In this example, the communication signal represents a signal sent by a ground station to a group of drones;

in this example, the reasons for the failure of the ground station include the shutdown of the ground station, the damage of the ground station, and the over-distance between the ground station and the unmanned aerial vehicle group;

in this example, the unmanned aerial vehicle distance comparison table represents a comparison table including the linear distance between any two unmanned aerial vehicles in the unmanned aerial vehicle cluster;

in this example, the distance queue sequence represents the results of sorting according to the order of the straight-line distances from large to small;

in this example, the first test drone and the second test drone represent the drones used to test the farthest communication distances;

in this example, the purpose of obtaining the communication distance threshold value by using two-way communication between different drones is to: the communication test is carried out by utilizing the unmanned aerial vehicles with different distances, so that the farthest communication distance of the unmanned aerial vehicle cluster in the current environment and different unmanned aerial vehicles can be quickly obtained, and networking distance reference can be provided for subsequent networking work;

in this example, the first returning drone represents the first drone to perform the returning operation;

in this example, the return work represents the work of recalling the drone.
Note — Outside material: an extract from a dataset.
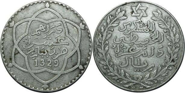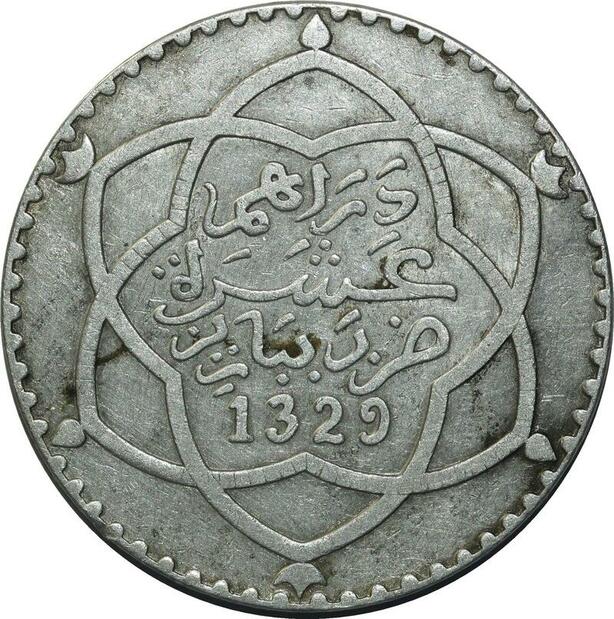 O1393 Rare Morocco Moulay Hafid I 10 dirhams 1329 Paris Silver AU

The working principle and the beneficial effects of the technical scheme are as follows: in order to guarantee the safety of each unmanned aerial vehicle in the unmanned aerial vehicle cluster, when the ground station communication signal is weak, the unmanned aerial vehicle needs to be recalled, avoid the unmanned aerial vehicle to collide at the in-process of returning a voyage, establish the private network for the unmanned aerial vehicle cluster through the mode of self-organizing network, then transmit the route of returning a voyage in the private network, then carry out the line adjustment between the unmanned aerial vehicle of difference, generate one set of complete route of returning a voyage, realize recalling work at last, avoided unmanned aerial vehicle to break away from the communication range for a long time and cause unnecessary injury.

Example 8

On the basis of embodiment 1, the communication detection module is further configured to:

detecting the current communication security of the unmanned aerial vehicle cluster in a preset time period, and if the security is smaller than a preset security threshold value, generating and displaying reminding information.

The working principle and the beneficial effects of the technical scheme are as follows: in order to avoid stealing data of the unmanned aerial vehicle cluster, the safety of the unmanned aerial vehicle cluster is tested within a preset time period, and corresponding reminding information is made for the user to refer.

Example 9

On the basis of embodiment 6, the modification processing module is further configured to:

and after the corrected position range of the ground station is generated, marking the corrected position range on the target area map, generating a plurality of ground station corrected paths based on the ground station position, and displaying the paths.

The working principle and the beneficial effects of the technical scheme are as follows: in order to fit the actual scene, after the correction range position of the ground station is generated, a plurality of ground station correction paths are established for the reference of a user.

Example 10

On the basis of embodiment 1, the communication switching module is further configured to:

performing network switching according to a switching instruction of a user;

as shown in fig. 3, includes:

the first switching unit is used for receiving a switching instruction input by a user;

and the second switching unit is used for analyzing the switching instruction, obtaining the communication mode to be switched by the user, marking the communication mode to be switched and switching the current communication mode to the communication mode to be switched.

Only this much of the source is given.